4. L’INTERVENTION DU GOUVERNEMENT ET LE SYSTÈME AUDIOVISUEL
La logique qui fait fonctionner les chaînes de télévision, très liée à leur conception d’entreprise, ne peut pas changer si
ce n’est en tenant compte de ses propres intérêts. C’est une illusion de prétendre que l’Etat, à travers la réglementation, est capable
de rompre la logique qui fait fonctionner les chaînes de télévision. La logique des chaînes peut évoluer favorablement pour le
téléspectateur mais pour cela il faut, comme je l’ai souligné dans mon intervention au cour de la journée du 6 décembre, changer de
stratégie et tenir compte en même temps du système au complet et des intérêts de ses partenaires.
Jusqu’à présent, de nombreuses voix se sont adressées au gouvernement pour qu’il réglemente et régule le marché
audiovisuel. Il peut le faire et il doit le faire. Mais cela n’est pas suffisant car il faut, de plus, qu’il travaille avec les chaînes de
télévision (notamment publiques) pour introduire une nouvelle forme de relation avec les chaînes en vue de la production
d’émissions de qualité. Le gouvernement ne peut pas changer le tempo des chaînes mais il peut collaborer avec elles pour produire
ces émissions de qualité. Dans cette nouvelle logique que je propose, et qui n’est ici qu’ébauchée en partie, s’inscrit la formation des
équipes de production et la réalisation de nouveaux programmes de qualité.

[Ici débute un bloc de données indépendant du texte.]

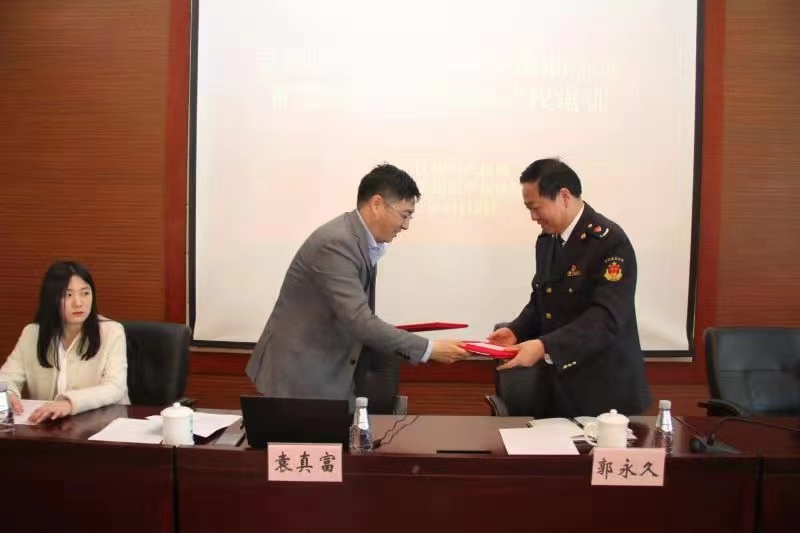在陈科长的主持下,宝山区知识产权局郭永久副局长与Beat365唯一官方网站知识产权学院袁真富副院长在会议现场分别代表宝山区知识产权局与Beat365唯一官方网站知识产权学院进行了签约仪式。

Dans ma brève intervention à Ars Industrialis et au CIEM du 6 décembre, ici recueillie, j’ai tenté de rappeler que le
monde de la télévision, comme tous les phénomènes sociaux complexes, fait partie d’un système où notamment trois facteurs
majeurs sont confrontés mais dont le résultat doit nous conduire vers une meilleure télévision. Dans la conception théorique sousjacente à ma réflexion se trouve une conception dialectique des phénomènes sociaux. Elle puise ses racines dans de nombreuses
sources sur lesquelles je ne m’attarderai pas ici (Héraclite, Hegel, Marx, Wallon, Vygotsky,…). D’après cette vision théorique,
demander à l’État d’intervenir, mais sans faire cela dans le système dialectique auquel participent d’autres facteurs intervenants (et
dans lequel sont confrontés notamment les trois facteurs signalés), serait ignorer le processus de construction des phénomènes
sociaux et historiques. Une pareille démarche impliquerait de demander à l’État de faire une synthèse à partir d’une seule thèse, la
sienne (et encore faudrait-il que l’État prenne conscience de son action à mener), tout en oubliant le reste des facteurs en jeu. Cette
façon d’agir suppose d’ignorer la dialectique des choses. À mon avis, la seule chance de réussite, c’est de confronter ces trois
facteurs (avec les facteurs subordonnés comme, par exemple, les associations, les parents et enseignants) dans la voie que j’ai
suggérée mais qui, bien évidemment, pourrait être erronée. En attendant, et étant donné que l’on se retrouve dans un système où
ont lieu des processus systémiques (homéostatiques dans un réseau parallèle et distribué PDP), les apports et contributions du CSA
et autres agents sociaux, sont également nécessaires car leur actions, bien évidemment, contribuent à faire avancer ce système
vers une meilleure télévision pour tous. Autrement dit, la question initiale, « que faire » a une réponse plurielle : il s’agit d’une action
collective à laquelle différents agents doivent participer. Notre avenir culturel en dépend car cette même dialectique à établir pour la
télévision s’étend, également, à celle des autres médias. Mais cela est un autre débat.